The T2V system consists of a LogoChip running LogoChip Logo, a UML 305 development board, and a Winbond WTS701 Text-to-Voice chip. The LogoChip is the micro controller for the circuit while the WTS701 is a slave processing commands sent to it from the LogoChip. Communication between the LogoChip and the WTS701 is accomplished by a bi-directional SPI interface.
The development of the T2V system has been broken down into five stages. These stages are first, wire the entire T2V prototype circuit. Second, verify that the LogoChip and the WTS701 chip can successfully communicate with one another. Third, create a LogoChip Logo program to send a message to the WTS701 chip to speak. Fourth, develop a C API that allows an application written in C to send text messages to the LogoChip controller. This API would provide controls for the speed at which the text was spoken, the pitch of the spoken text, and the ability to stop a sentence or word before it had been completed. A simple application could be designed that allowed sentences to be entered and transmitted to the LogoChip to be spoken. The application could be designed to have UI components for all of the features that the API supported to fully test the API. Fifth, the API could be used within an existing software application where users responses to the voice messages could be evaluated. Currently only stages I, II, and III of the project have been completed.
Stage I
The first stage of this project was to wire the entire LogoChip/WTS701/UML
development board circuit. The circuit possesses a LogoChip micro controller running a Logo program. The Winbond chip is a slave of the LogoChip controller. The WTS701 chip is a 56 pin TSOP chip. Since this circuit was created using bread boards, a TSOP to DIP adapter was necessary to mount the WTS701 on a bread board. The WTS701 is a powerful chip that makes this entire project possible because of it's extensive text-to-voice capabilities.

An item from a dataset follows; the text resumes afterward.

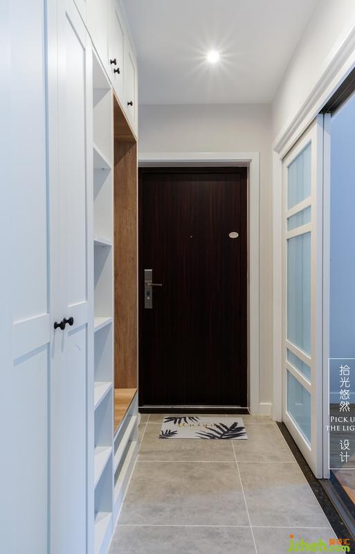 有奔波之后回家可以坐著換鞋的卡座,到家就希望你解放辛苦的雙手,設計了鏤空隔板可以放包包和鑰匙,對面是玻璃推拉門,過道有光就不自覺卸下了一身的疲倦

The LogoChip and the WTS701 required different power supplies. The LogoChip was able to use the 5 volt power supply from the UML development board. The WTS701 requires a power supply between 2.7 and 3.3 volts so the UML development board power supply could not be used. Instead, the WTS701 was powered by an adjustable power supply unit.
The WTS701 is not only a powerful chip, but also relatively straight forward to use. There is a clear and concise data sheet for the chip at Winbond's web site. The data sheet (70 pages) contained all of the information I needed to work with the WTS701. The WTS701 receives text via a SPI interface and converts the text to either analog or digital speech. The chip currently has English and Chinese versions. The English version is available in either a male or a female voice.
"Text-to-speech conversion is achieved by processing the incoming text into a phonetic representation that is then mapped to a corpus of naturally spoken word parts." The steps taken by the WTS701 to process text are:
Additionally, the WTS701 is programmable to recognize abbreviations and to speak different languages.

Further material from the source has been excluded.